Describe an AI/LLM solution you built end-to-end : S3

Describe an AI/LLM solution you built end-to-end : S3

I’ll describe an end-to-end LLM solution I architected and built for a financial services client: a regulatory filing QA system that ingested thousands of SEC 10-K/10-Q documents and allowed analysts to query them conversationally with cited sources.

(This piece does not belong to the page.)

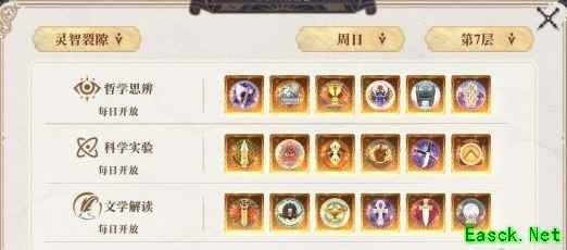 除此之外,灵智裂隙每天产出的契印纹时不同的,周一到周六都会有变化,周日会产出产出所有契印纹,因此我们要看准主力阵容需要的契印纹,再看哪一天是产出这些契印纹的,然后再去刷,可以避免不必要的浪费。
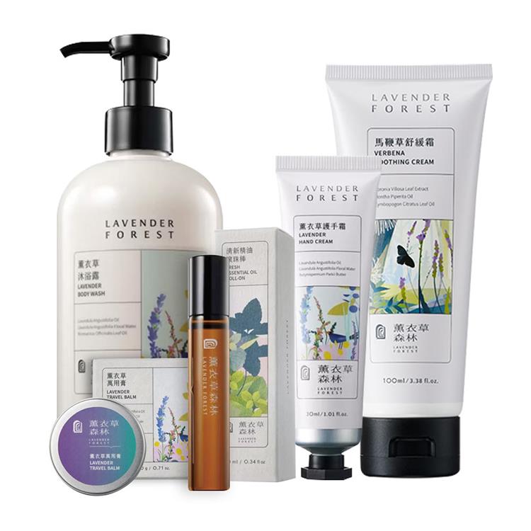 .商品內容:薰衣草沐浴露350mlx1、薰衣草護手霜30mlx1、薰衣草萬用膏20gx1、清新精油滾珠棒10mlx1、馬鞭草舒緩霜100mlx1

1. Problem Definition & Scoping

  • Users: Equity research analysts who spent 60%+ of their time reading filings to extract specific numbers (revenue breakdowns, risk factors, MD&A trends).
  • Success criteria:
    • Answer factual questions with <5% hallucination (validated against human-annotated test set).
    • Return exact source citations (page, paragraph, and sentence).
    • Latency < 3 seconds per query.
    • Handle 10,000+ documents (each 50–200 pages).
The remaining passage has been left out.